DATA EXTRACT ▸
--------------------

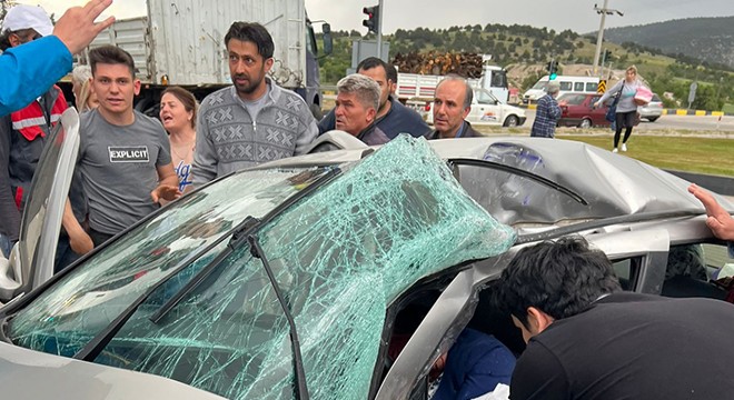 Kaza dün saat 19.00 sıralarında Isparta- Eğirdir karayolu Aliköy kavşağında meydana geldi. Tuncay Şahin T.'nin kullandığı 32 ND 281 plakalı TIR, Emine Dokumacı'nın kullandığı 35 DE 996 plakalı otomobille çarpıştı. Kazayı görenlerin ihbarı üzerine olay yerine sağlık, polis ve itfaiye ekipleri sevk edildi. Kazada otomobil sürücü Emine Dokumacı ile oğlu Ata Dokumacı yaralandı.
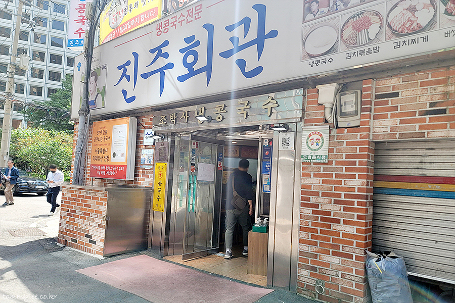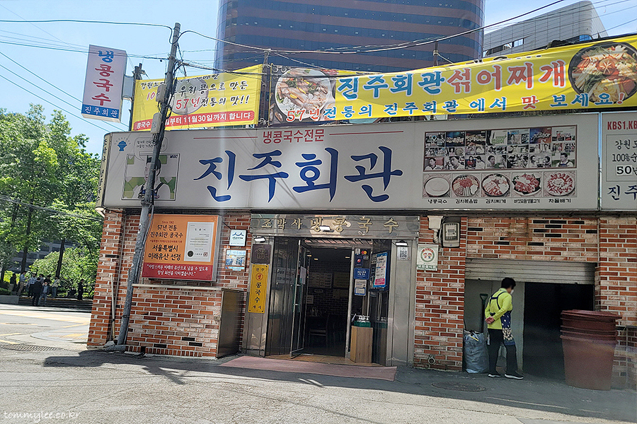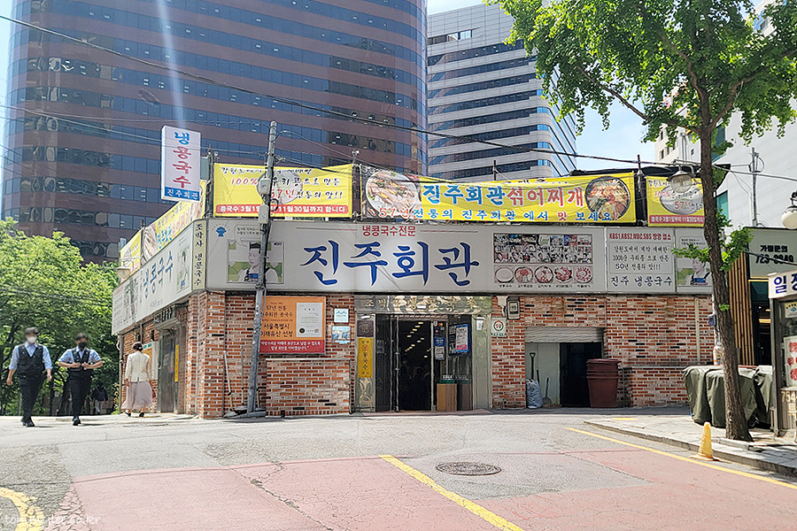 JINJU HOIGWAN.. 냉콩국수전문 서소문 맛집 진주회관.. 맛집다운 외관이죠??.. 뒷배경으로 삼성본관, 부영태평빌딩, 신한은행본점의 랜드마크 빌딩 삼총사가 있는 위치.. ㅋㅋㅋ..
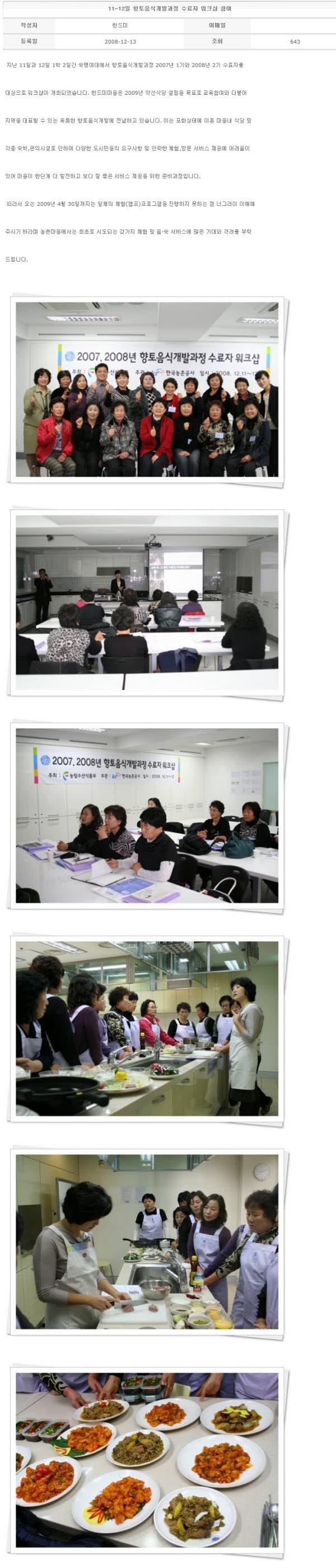 11~12일 향토음식개발과정 수료자 워크샵 참여 2008-12-13
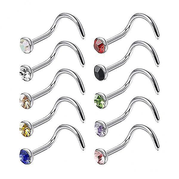 4x10pcs Nose Studs Rings Rhinestone Stainless Steel Body Piercing Rings 2.0mm

--------------------

WHAT TO WORK ON ▸ Start with the line that holds "11~12일 향토음식개발과정 수료자 워크샵 참여 2008-12-13" and retype each line through the last one in the data, exactly and without pictures.

EXERCISE RESULT ▸
 11~12일 향토음식개발과정 수료자 워크샵 참여 2008-12-13
 4x10pcs Nose Studs Rings Rhinestone Stainless Steel Body Piercing Rings 2.0mm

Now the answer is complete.